I get really high numbers above 250000 just by starting Firebox or Glxgears.
My Linuxcnc dedicated PC is old but I thought good enough for the task:
Amd Athlon64 X2 4400+ (dual core)
Nvidia 7800 GTX
2Go of RAM
The lscpi -vv listing is attached...
So I have seen a lot of different things/hacks to attempt reducing the latency but before I mess up everything, I'd like to know what is the obvious thing to start with on my computer.
Thanks a lot.
Yes, yet another post on latency issues.
I get really high numbers above 250000 just by starting Firebox or Glxgears.

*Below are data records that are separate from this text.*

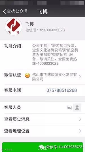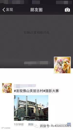 发表原创微信(统一标签#发现佛山美丽古村#摄影大赛……+参赛作品)到朋友圈,同时关注微信公众号“飞博(微信号:fb4006033023)”(如图5),并发送前面所述的朋友圈截屏图片到“飞博”公众号。
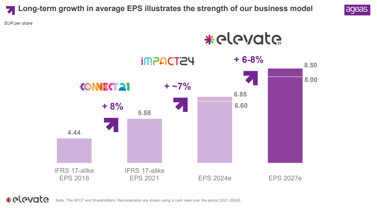 Naar aanleiding van de transactie verhoogt Ageas haar eerder gecommuniceerde “Elevate27”-doelstellingen voor 2025-2027. De beschikbare vrije kasstroom zal toenemen van meer dan 2,3 miljard euro naar meer dan 2,6 miljard, terwijl de aandeelhoudersvergoeding zal stijgen van meer dan 2,0 miljard naar meer dan 2,2 miljard euro.
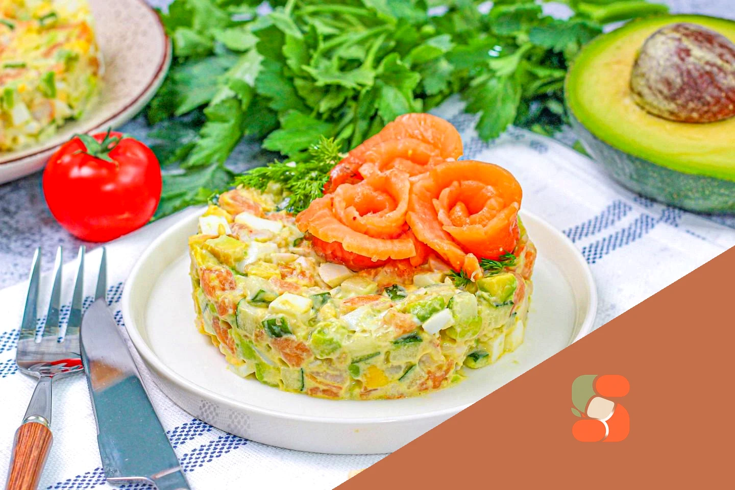 Як подати салат до столу? Салат з авокадо сьомгою та креветками можна подати до столу в салатнику, але для більш ефектної подачі викладіть салат порційно на тарілки за допомогою кулінарного кільця. Зверху я прикрасила салат трояндочками з риби. Приємного апетиту!
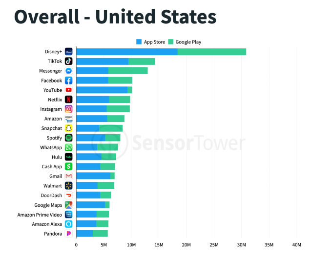 En la App Store, Disney + venció a YouTube y TikTok por el puesto número 1, después de que YouTube había ocupado la primera posición durante los últimos cuatro trimestres. La aplicación también alcanzó un hito notable en Google Play, ya que ninguna otra aplicación había superado los 10 millones de descargas de EE. UU. En Google Play en un trimestre desde que Facebook Messenger lo hizo en 2017.
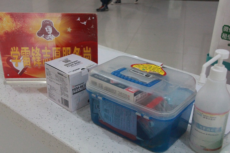 門診大廳導(dǎo)醫(yī)臺的旁邊,一件鮮艷的紅馬甲格外亮眼,一名志愿者正在為前來咨詢的群眾指導(dǎo)如何進行線上掛號。這里是市中醫(yī)醫(yī)院設(shè)置的雷鋒志愿者服務(wù)站,能夠為群眾提供針線、膠水、雨傘等便民小物品,還可以為老年體弱、行動不便的患者提供輪椅、平車等服務(wù)。
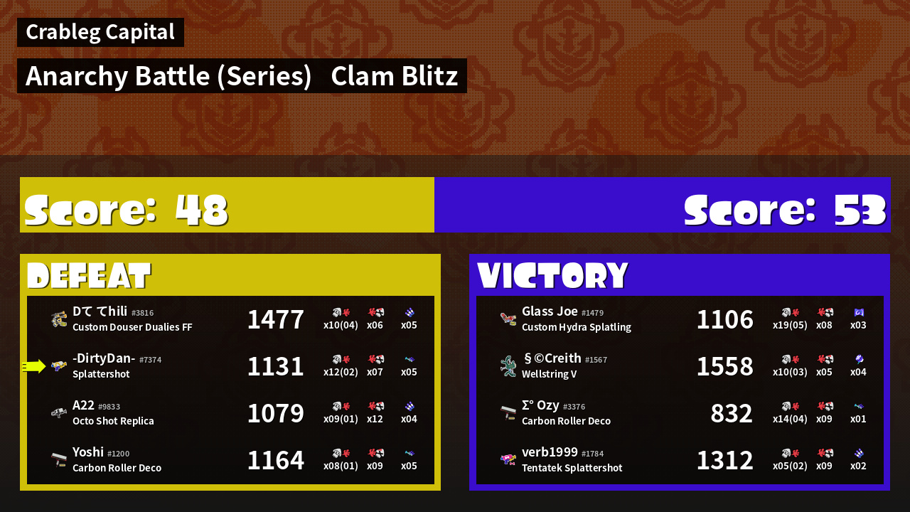 | Mode | Clam Blitz - Anarchy Battle (Series) | ||
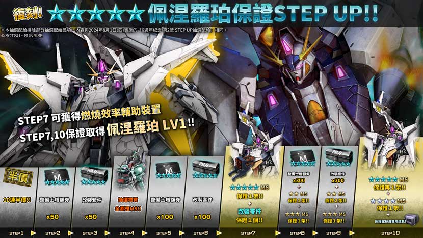 - ・STEP9(代幣30枚):★★MS保證2架&★★★MS保證1架!

My Linuxcnc dedicated PC is old but I thought good enough for the task:
Amd Athlon64 X2 4400+ (dual core)
Nvidia 7800 GTX
2Go of RAM
The lscpi -vv listing is attached...
So I have seen a lot of different things/hacks to attempt reducing the latency but before I mess up everything, I'd like to know what is the obvious thing to start with on my computer.
Thanks a lot.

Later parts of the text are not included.